## Exercise description
Print the line containing "intelligence,GenAI)的专利数据,尝试以一个细切面来呈现当下全球 AI 竞争格局。" and all lines after it, unchanged, through the end of the data. Leave the pictures out.

## Exercise data
[Start of section]

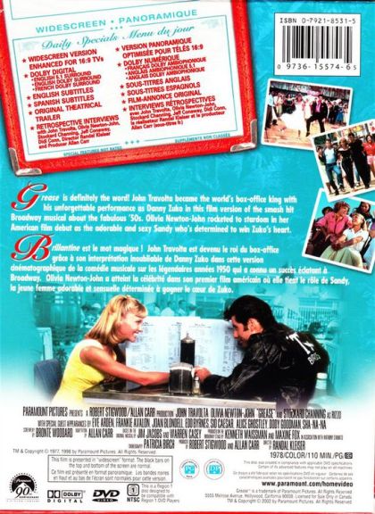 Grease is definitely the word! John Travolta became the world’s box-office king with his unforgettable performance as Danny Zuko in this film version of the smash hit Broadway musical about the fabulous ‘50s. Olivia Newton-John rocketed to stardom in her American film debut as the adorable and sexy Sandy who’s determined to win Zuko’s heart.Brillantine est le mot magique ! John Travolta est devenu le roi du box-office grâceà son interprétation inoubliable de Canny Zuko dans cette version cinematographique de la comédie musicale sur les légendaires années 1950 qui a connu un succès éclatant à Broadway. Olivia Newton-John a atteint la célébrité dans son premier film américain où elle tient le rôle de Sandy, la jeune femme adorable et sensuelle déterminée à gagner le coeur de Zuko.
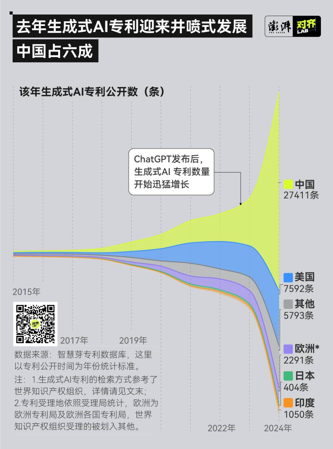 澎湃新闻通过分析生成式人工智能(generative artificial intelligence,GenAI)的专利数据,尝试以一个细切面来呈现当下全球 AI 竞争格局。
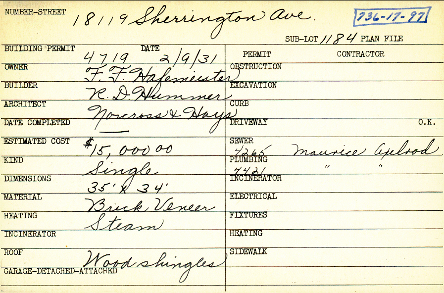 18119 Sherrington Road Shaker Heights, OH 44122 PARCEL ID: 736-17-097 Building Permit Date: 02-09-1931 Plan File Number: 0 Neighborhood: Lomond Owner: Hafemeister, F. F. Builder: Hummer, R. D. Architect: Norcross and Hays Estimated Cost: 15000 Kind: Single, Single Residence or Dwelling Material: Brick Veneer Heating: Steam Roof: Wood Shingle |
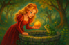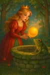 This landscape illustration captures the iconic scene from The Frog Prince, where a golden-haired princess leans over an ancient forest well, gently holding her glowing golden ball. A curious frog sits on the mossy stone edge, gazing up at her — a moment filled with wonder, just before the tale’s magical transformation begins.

[End of section]

## Answer to the problem
 澎湃新闻通过分析生成式人工智能(generative artificial intelligence,GenAI)的专利数据,尝试以一个细切面来呈现当下全球 AI 竞争格局。
 18119 Sherrington Road Shaker Heights, OH 44122 PARCEL ID: 736-17-097 Building Permit Date: 02-09-1931 Plan File Number: 0 Neighborhood: Lomond Owner: Hafemeister, F. F. Builder: Hummer, R. D. Architect: Norcross and Hays Estimated Cost: 15000 Kind: Single, Single Residence or Dwelling Material: Brick Veneer Heating: Steam Roof: Wood Shingle |
 This landscape illustration captures the iconic scene from The Frog Prince, where a golden-haired princess leans over an ancient forest well, gently holding her glowing golden ball. A curious frog sits on the mossy stone edge, gazing up at her — a moment filled with wonder, just before the tale’s magical transformation begins.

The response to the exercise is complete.